Well, you can create a base table and inherit four or five of them. But that
does not solve the problem really, because postgresql as such does not
support different disk storage area that granularly.
> Also, DBA must be able to place table on different file systems. They
> know more about the application than the OS does.
Certainly. But the advantage will not be visible unless you put it on a disk
that is on separate IDE or SCSI channel. Now that you have a large database,
are you using more than one SCSI channel? Otherwise just putting on different
disks will not help as much.
> Even Postgresql has to be told to perform vaccum and analyze.

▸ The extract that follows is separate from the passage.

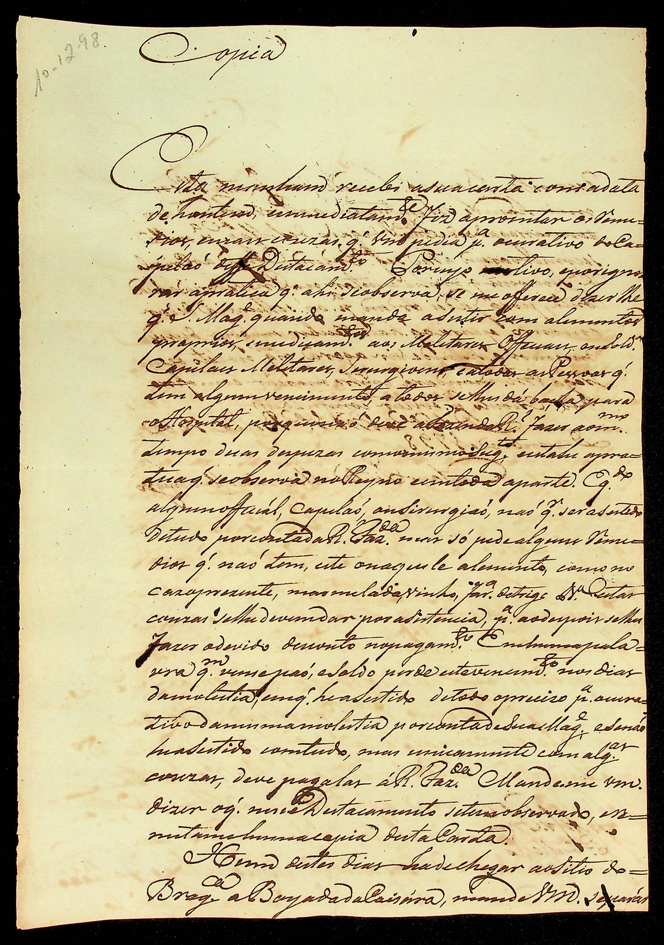 CARTA (cópia) do [Alferes de Dragão] Francisco Pedro de Melo ao [Governador e Capitão-General da Capitania de Mato Grosso] Caetano Pinto de Miranda e Montenegro.

> If the OS had enough intelligence we could trust it to do a good job,
> but until then ...
Partially true. Postgresql could have done vacuum at runtime at the cost od
performance. So developers delegated the task to admin.
Looking for a solution in problem, the real benefits won't be visible unless
you put it on a different disk channel. Otherwise RAID is your best bait now
as OS can handle it intelligently and it enhances the IO bandwidth immensely.
Other than that you can not do much with postgresql right now.